A thousand years of small songs, smaller prayers.
Leaning gravestones, muddy river. Below our feet
rich Clarences keep Poor Clares in their place.

 

This poem first appeared in Clear Poetry

Matchstick man

 

I used live matches once. Bismarck and Scharnhorst,
grey as Atlantic waves. It took forever,
the glue nearly made me faint. The shed
was bitter, January gales and all.
The missus wouldn’t let me do it
indoors, and to tell the truth
that hut was a boiler-room to me.

I don’t mind cold, not much.
Light was more my problem,
the windows spidered till you couldn’t see
owt but cobwebs. I had a lantern,
old style, like a big tin with a wick
and paraffin. Not a good combination
with those boxes of Swan Vestas.

It had to be Swans, it paid respects
to Mum. She wouldn’t use another,
even for her last cig. I thought of her
the day the Bismarck blew. The shed, too
– that’s what finished me. Now
there’s just that model on the mantelpiece.
Recognise it? It’s Victory. Look, there’s Nelson.

 

• First published in The High Window, issue 4

Composting

 

Old meat attracts rats. It should be destroyed.
The rest’s good for mulch. Here’s your smile,

its sunburst the day we planted the beans.
Remember the runners, the way they tendrilled

the poles, how they waved at us? Last week
I cut them, scissored their stems

into wiry handfuls, the right size for rotting.
There’s more. Onion skins, courgette stems,

chilli seeds: meals we shared, plum stones
discarded by friends, the aroma of citrus,

a lingering of coffee grounds. Endless teabags,
the finings of silent, companionable breakfasts;

the peel of our Christmas satsumas.
And under the lid, look – celebrations of worms.

 

• This poem first appeared in The Linnet’s Wings.

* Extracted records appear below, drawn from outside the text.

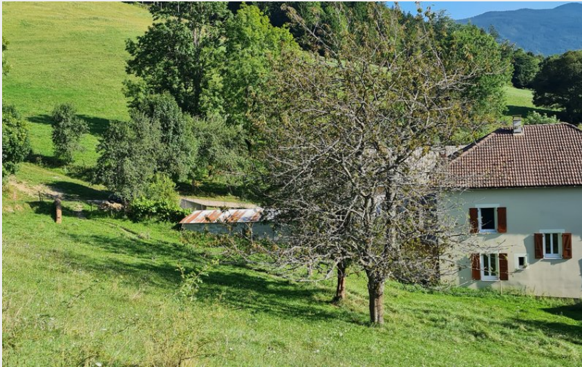
Vue du gîte de la Berthuinière entourée de prés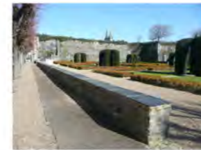
Muret de schiste dans la cour

- Plusieurs zones de repos sont à votre disposition: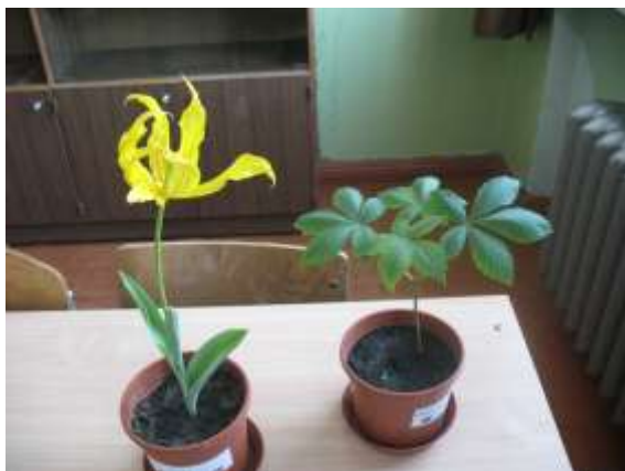
5.klases tulpe un kastaņa

6.klase – tulpe ļoti labi aug. Arī kastaņa jau diezgan paaugusies. Nevar sagaidīt, kad izdīgs Kanādas egle.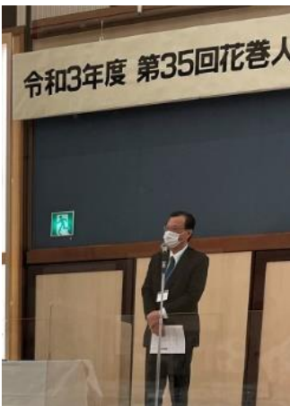
花巻市長あいさつ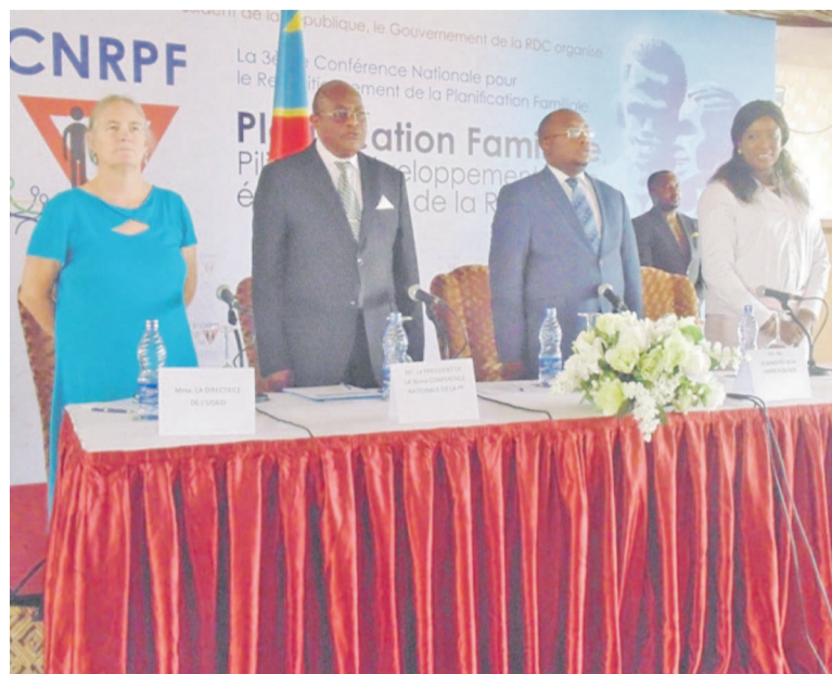
Cérémonie d'ouverture de la 3 e conférence sur le repositionnement de la planification familiale

Durant quatre jours, soit du 2 au 5 décembre, la question de la planification familiale retiendra l'attention de tous les participants à cette troisième conférence. Trois sous-thèmes seront ainsi décortiqués, à savoir Planification familiale et dividende démographique, Jeunes et planification familiale, Secteur privé et religion. L'importance de la planification familiale dans le développement du pays et, par ricochet, dans la lutte contre la mortalité infantile et maternelle pour la réalisation des objectifs du millénaire pour le développement n'est plus à démontrer. Tous les orateurs qui ont tour à tour succédé à la tribune l'ont reconnu. Pour la représentante de l'UNFPA, Diene Keita, considérée comme un achat recommandé parmi les investissements dans le secteur de la santé, la planification familiale est l'une des interventions les plus rentables. Selon elle, les pays qui investissent dans la planification familiale récoltent des avantages immédiats dans le domaine de la santé et de l'éducation avec des bénéficiaires qui couvrent aussi bien le domaine social que celui de l'environnement qui ont des répercussions bien au-delà d'une seule génération. Pour soutenir les activités de la planification familiale en RDC, l'UNFPA, souligne-t-elle, alloue annuellement dix millions de dollars américains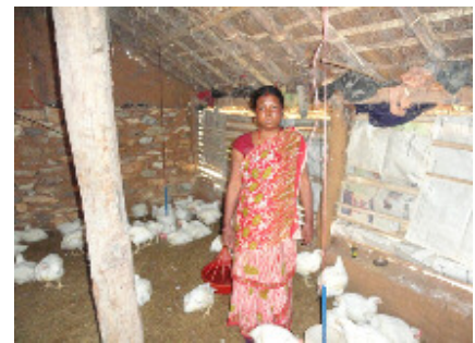
援助で建てた鶏舎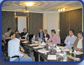
دور العلاقات العامة والإعلام في صناعة القرار والتأثير في الآخرين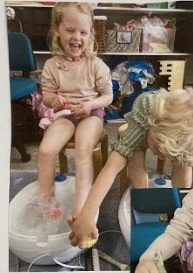
"Ihm... Hvor det kilder!"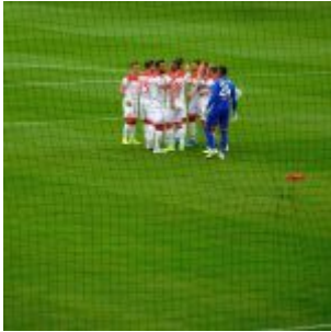
F95 vs Freiburg: Mannschaftskreis

Three shots at a neoliberal future 

#1: A theory of economic development 

Give us a road, they said. We’ve had enough
of cobbles, zigzagged hillsides, paths stepped perfectly for mules. 

 Give us a bypass, they protested. We’re sick
of inching traffic, diesel fumes, the tinnitus of crowds. 

 Give us a motorway. Give us clear lines
 of vision, speedy exits, no overhanging crags, light-blocking trees. 

Three wishes. All came true. Now the whole world
 drains south: a sump for livelihood, family, speech. 

#2: On the capital value of bees  

There are fewer of them now, so we must appreciate their value.

The fewer there are, the more their value will appreciate.

We all value appreciation, but only when it’s for the few.

We few who still have values go unappreciated.

There is a common swarm. To hold ourselves aloof is honeyless. 

#3: Building for birds

In God’s house they raise their young,
the psalmist says; I’ve seen their mud-round
hideaways in castles, cottages, lean-to sheds
and garages. Now we build differently.

Glass towers bat swallows back.
There’s nowhere moss can stick,
no shady eaves. Instead, perched
at the top, are birds of prey. 

These poems first appeared in New Boots and Pantisocracies, 28 October 2016

Blood moon

 

Between Orion and the Plough
a blink of wing-lights. We
watch our shadow tip
across the moon. In valleys
unwanted light puddles, spreads.
On Stanage Edge the breeze
is fluid as family, the glittered sky
brittle as dried teasels.
Air traffic control is humming,
sketching new constellations.
We forget the names of stars.

• This poem first appeared in The Open Mouse

My name

After vespers I sneak into church
to pin advertisements to notice boards.
I gaffer-tape them to lamp posts,
stick them onto office windows: Lost – 

please give this name a home. It coat-tails me,
makes puppy eyes when I’m in conversation,
asks to play fetch, wags its tail at strangers;
snarls at me at night, growling for meat.

On the phone its form will twist and spin
muddling vowels and consonants.
It wriggles free of unsuspecting tongues
but always turns to call me to account.

It’s squatted in my home for decades,
leaping out on me when late from work;
hangs around the kitchen when I cook. It even
lurks inside my bed, elbows my sleep.

Sometimes it sits as a therapist might,
showing me pictures: she in a floral sundress,
smiling at no-one, he clutching the railings
of a bridge – as if that were explanation.

I’ve come to learn it only wants my company,
though it has a way of hovering uninvited
and can’t be trusted with the whisky.
Only yesterday I swore it was a burglar.